誰知周垚沒生氣,只是窩在沙發里橫了她一眼︰「嗯,感謝天感謝地,感謝方曉祖宗拔苗助長,感謝她媽在天有靈。哦,也得感謝從天而降的挫折,感謝強|暴過我們的生活,感謝……」

周垚的語氣意興闌珊,說到這里突然頓住。

她的目光筆直的瞪著掛歷——任熙熙剛好翻到了十一月,露出上面一個被藍色水彩筆勾勒畫下的大圓圈。

——十一月二十九日。

「感謝……曾經救過我,愛過我的人。」

……

十一月二十九日是個神秘的日子,每年這一天周垚都要去見一個人。

最初在大學那些沒心沒肺的日子里,任熙熙就問過周垚是誰,是誰這麼重要即便那天有再重要的課,一直保持全勤的周垚也一定會消失一天。

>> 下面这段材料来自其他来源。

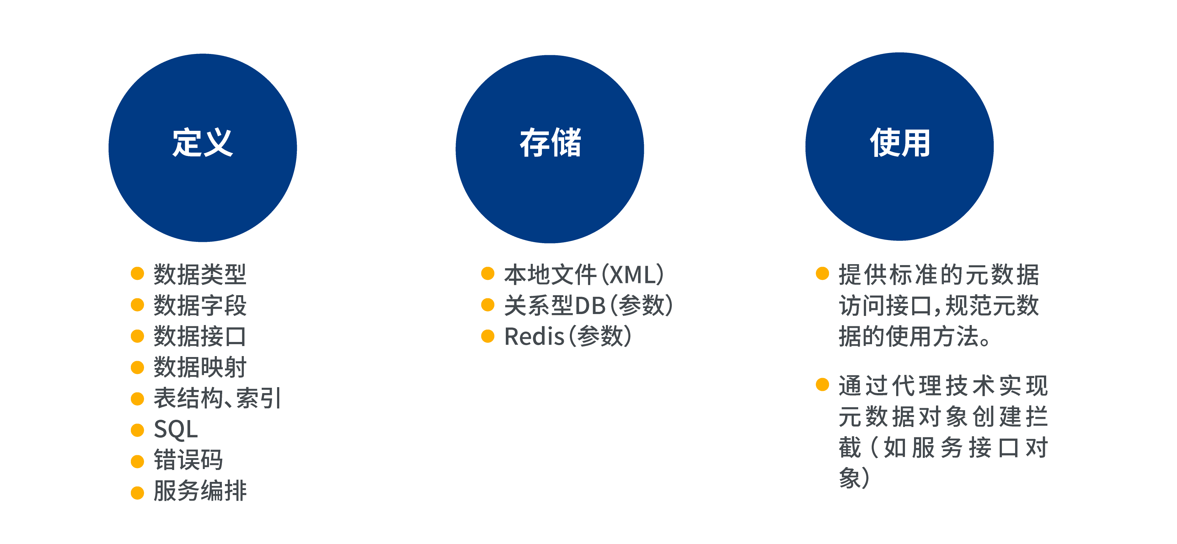 元數(shù)據(jù),向應用組件提供類型、字段、接口、服務編排、表結構、SQL、錯誤碼等數(shù)據(jù)的定義、存儲和使用。元數(shù)據(jù)的最大價值是支撐標準的落地,讓應用組件的開發(fā)標準化。

周垚永遠只是笑著說︰「是這個世界上最在乎我的人。在全世界都拋棄我的時候,就ta還在。」

這個ta,任熙熙第一時間認為是個男人,但轉而就推翻。周垚身邊的男朋友一任接一任,那個ta得有多強大的心理素質才能當睜眼瞎?

後來,任熙熙又想應該是個女人,心里有點小介意,還以為自己是周垚最好的閨蜜,結果被排到第二。但話說回來既然大家都是朋友,怎麼也不介紹她們認識?

再後來,任熙熙終于知道,那是個死人。

一談起那個人,周垚總會變得很柔和,原本生動的五官線條一旦寧靜下來,會讓人移不開眼。

可任熙熙不喜歡她這樣,很不喜歡。

任熙熙也沒有告訴周垚,其實大三的時候她就知道和有關ta的事,這才沒有繼續追問。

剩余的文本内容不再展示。